COMPOSITION DE LA COUR LORS DU DÉLIBÉRÉ :
— C D, présidente
— Evelyne ALLAIS, conseiller
— Nathalie ROCCI, conseiller
ARRÊT : CONTRADICTOIRE
Prononcé publiquement le 29 Janvier 2020 par mise à disposition de l’arrêt au greffe de la Cour, les parties en ayant été préalablement avisées dans les conditions prévues à l’article 450 alinéa 2 du code de procédure civile ;
Signé par C D, Présidente et par A B, Greffier auquel la minute de la décision a été remise par le magistrat signataire.
********************
Madame Y Z X a été embauchée le 2 avril 1991 dans le cadre d’un contrat de travail à durée indéterminée par la société LABORATOIRES SEROBIOLOGIQUES, aux droits de laquelle vient la société BASF BEAUTY CARE SOLUTIONS FRANCE, dénommée ci-après BASF BCS.
Au dernier état de la relation de travail, régie par la convention collective nationale des industries chimiques et connexes, Madame X était superviseur contrôle qualité produits, statut cadre.
En 2013, la société BASF BCS a informé et consulté les instances représentatives du personnel sur un projet de réorganisation afin de sauvegarder sa compétitivité.
C’est dans ce cadre que par lettre recommandée datée du 18 septembre 2013, la société BASF BCS a proposé à Madame X une modification du contrat de travail pour motif économique, consistant en une mutation de la salariée en qualité de technicien niveau 3 méthodes analytiques sur le site de Pulnoy (71) à compter du 31 décembre 2015.

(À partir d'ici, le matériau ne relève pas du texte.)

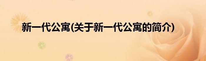 大家好,新一代公寓,关于新一代公寓的简介很多人还不知道,现在让我们一起来看看吧!
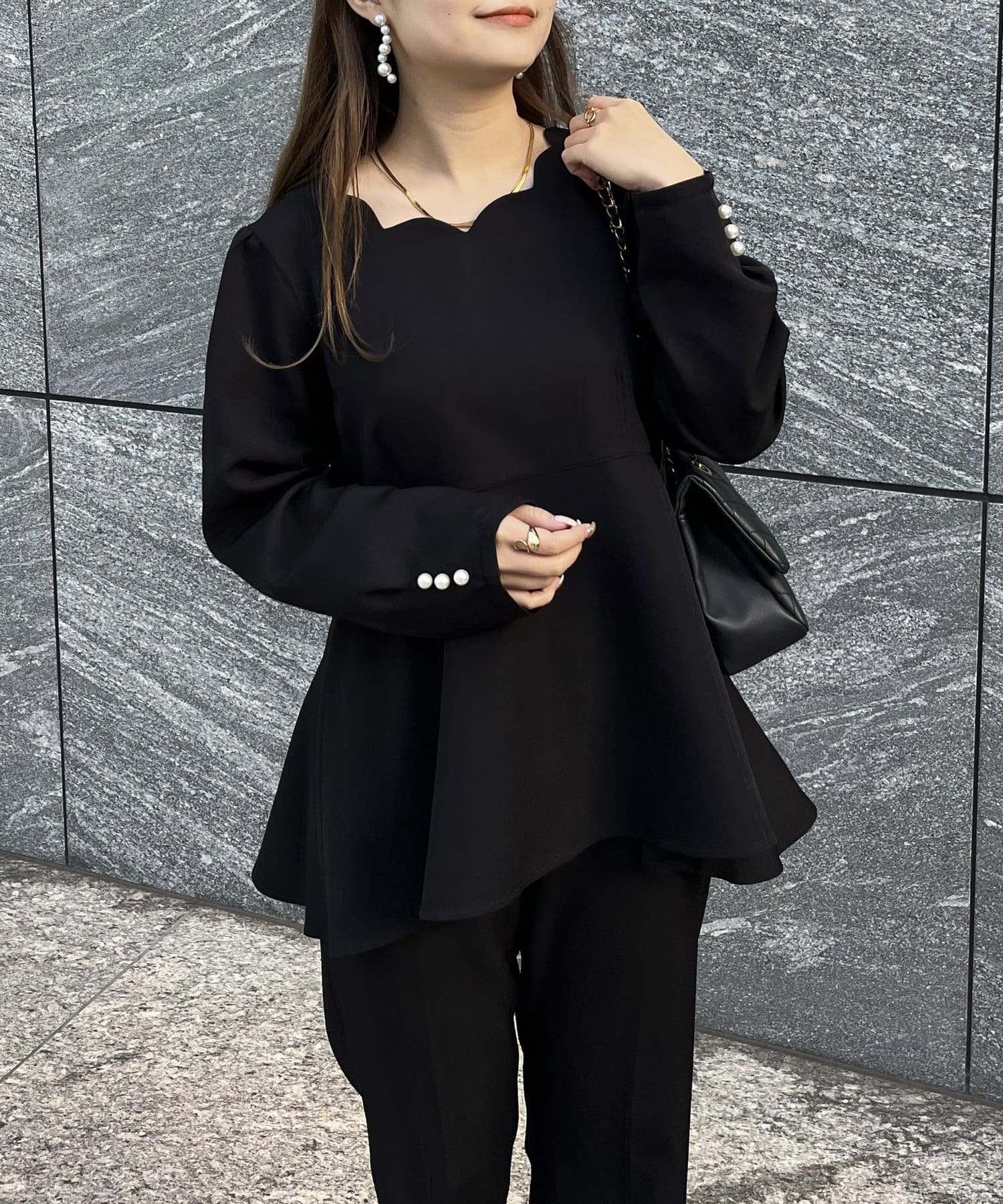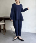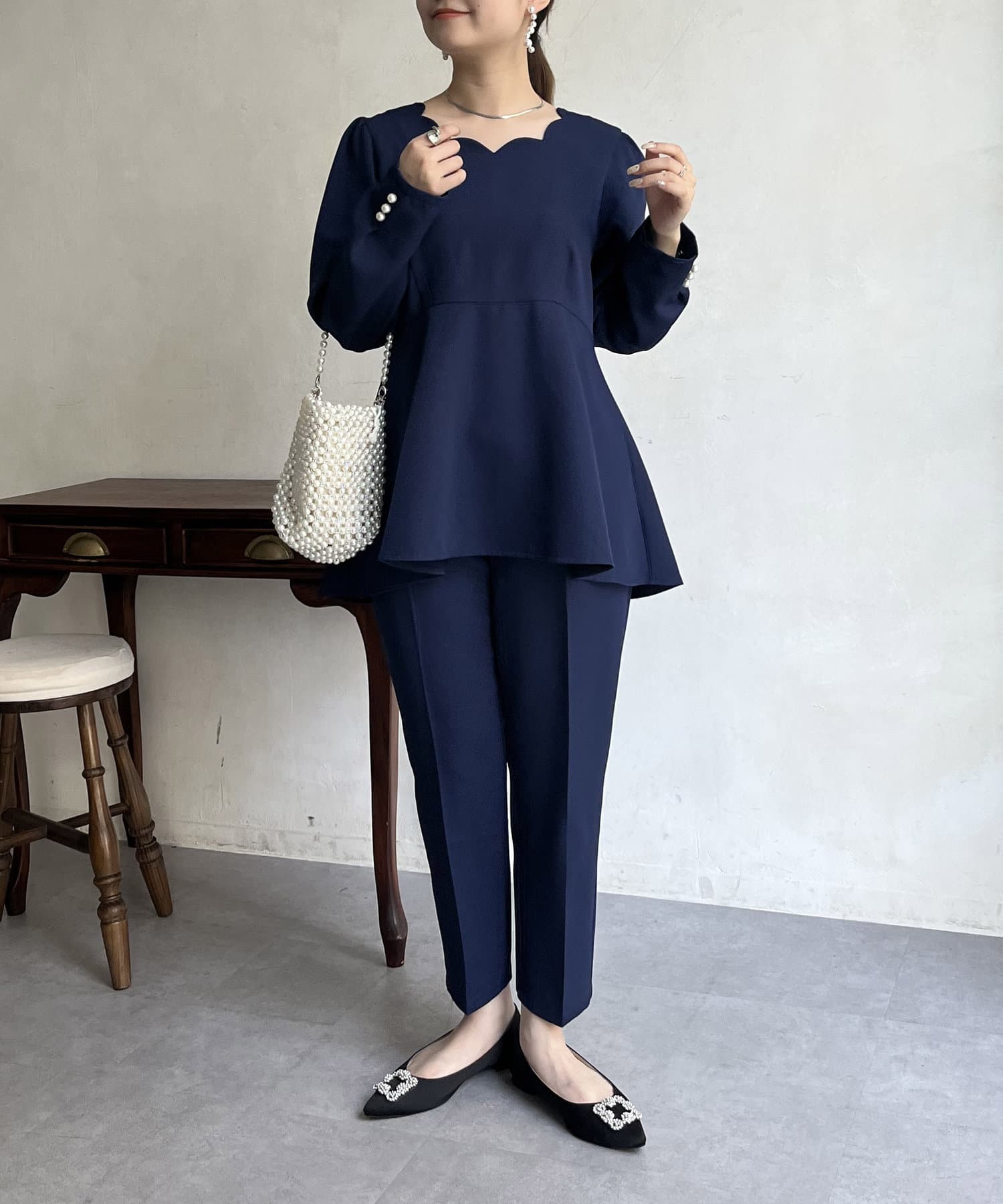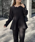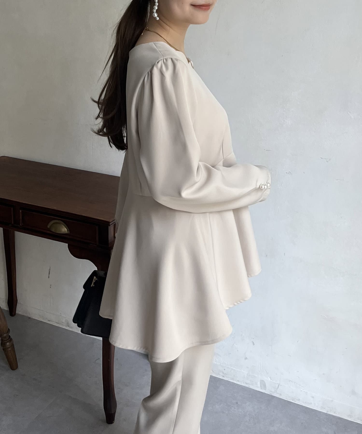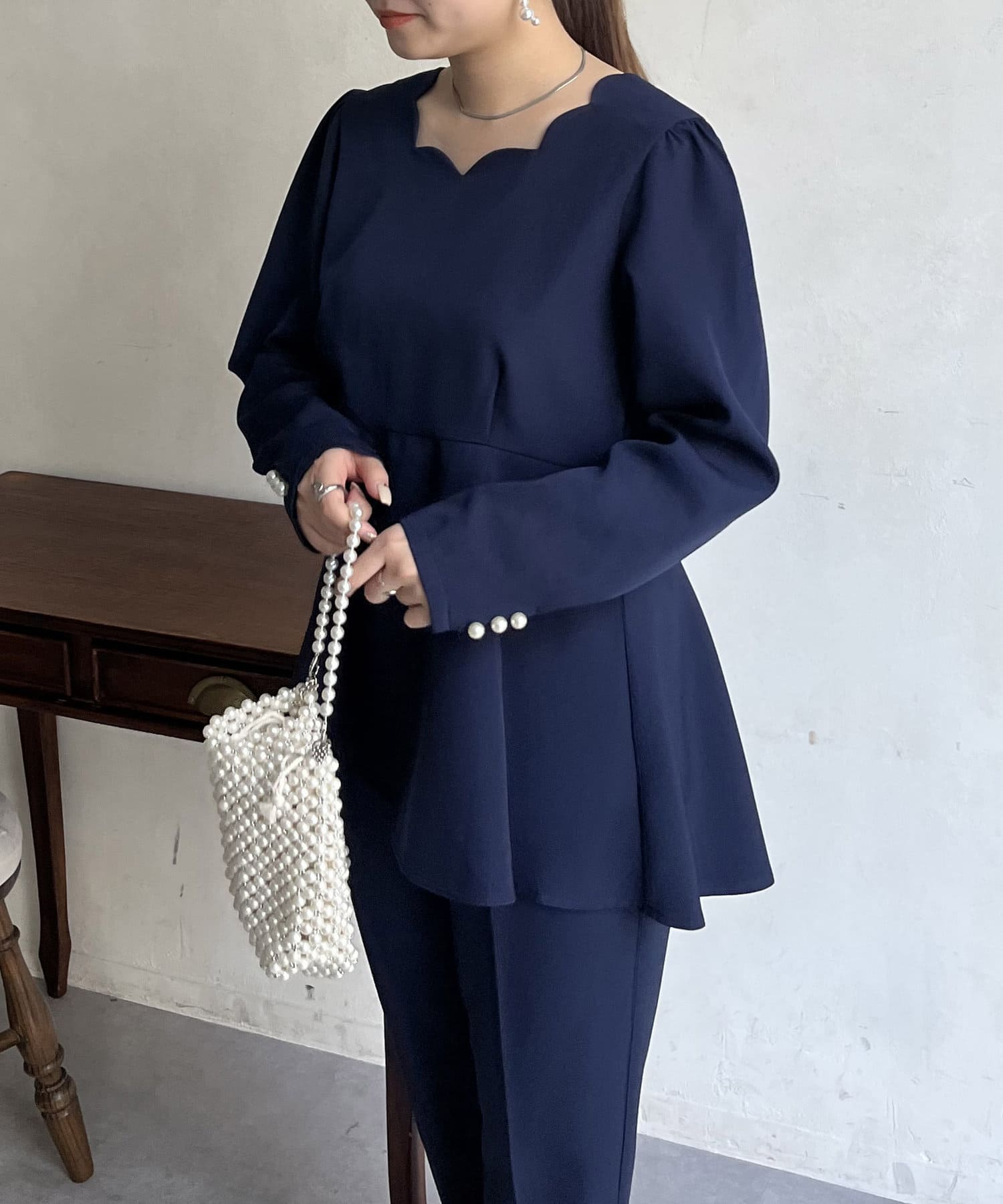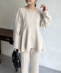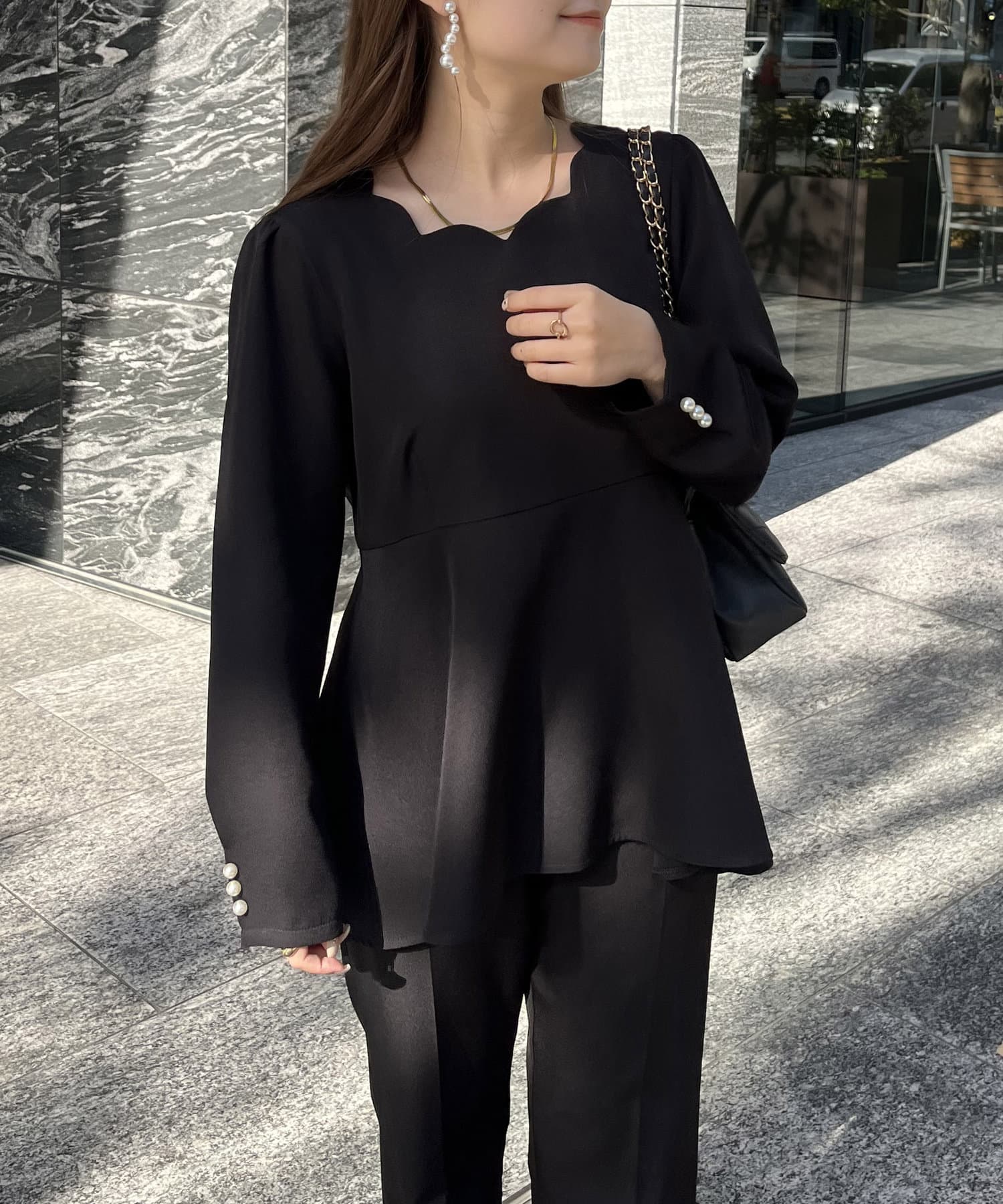 【セットアップ着用可能】袖パールスカラップネックペプラムブラウス

Madame X a refusé cette proposition le 16 octobre 2013.
Le 31 décembre 2015, Madame X a été licenciée pour motif économique en raison de son refus de la proposition de modification du contrat de travail susvisée, consécutive à la nécessité de sauvegarder la compétitivité de l’entreprise .
Madame X a saisi le conseil de prud’hommes de LYON le 10 février 2016. EIle sollicitait en dernier lieu de voir dire que son licenciement était sans cause réelle et sérieuse ainsi que de voir condamner la société BASF BCS, à lui payer des dommages et intérêts ainsi qu’une indemnité au titre de l’article 700 du code de procédure civile, avec exécution provisoire de la décision à intervenir.
Par jugement en date du 2 février 2017, le conseil de prud’hommes, dans sa formation paritaire, a:
— dit que le licenciement pour motif économique de Madame X était fondé,
— dit que la société BASF BCS n’avait pas respecté son obligation de reclassement,
— condamné la société BASF BCS à verser à Madame X les sommes suivantes :
• 54.000 euros à titre de dommages et intérêts pour non respect de l’obligation de reclassement,
• 1.500,00 euros au titre de l’article 700 du code de procédure civile,
— débouté Madame X du surplus de sa demande,
— débouté la société BASF BCS de sa demande reconventionnelle au titre de l’article 700 du code de procédure civile,
— ordonné, en application des dispositions de l’article L.1235-4 du code du travail, le remboursement par la société BASF BCS aux organismes intéressés des indemnités de chômage versées à Madame X, du jour de son licenciement au jour du prononcé du jugement, dans la limite de trois mois d’indemnités de chômage,
— condamné la société BASF BCS aux dépens.
Par déclaration en date du 22 février 2017, la société BASF BCS a interjeté appel de la décision.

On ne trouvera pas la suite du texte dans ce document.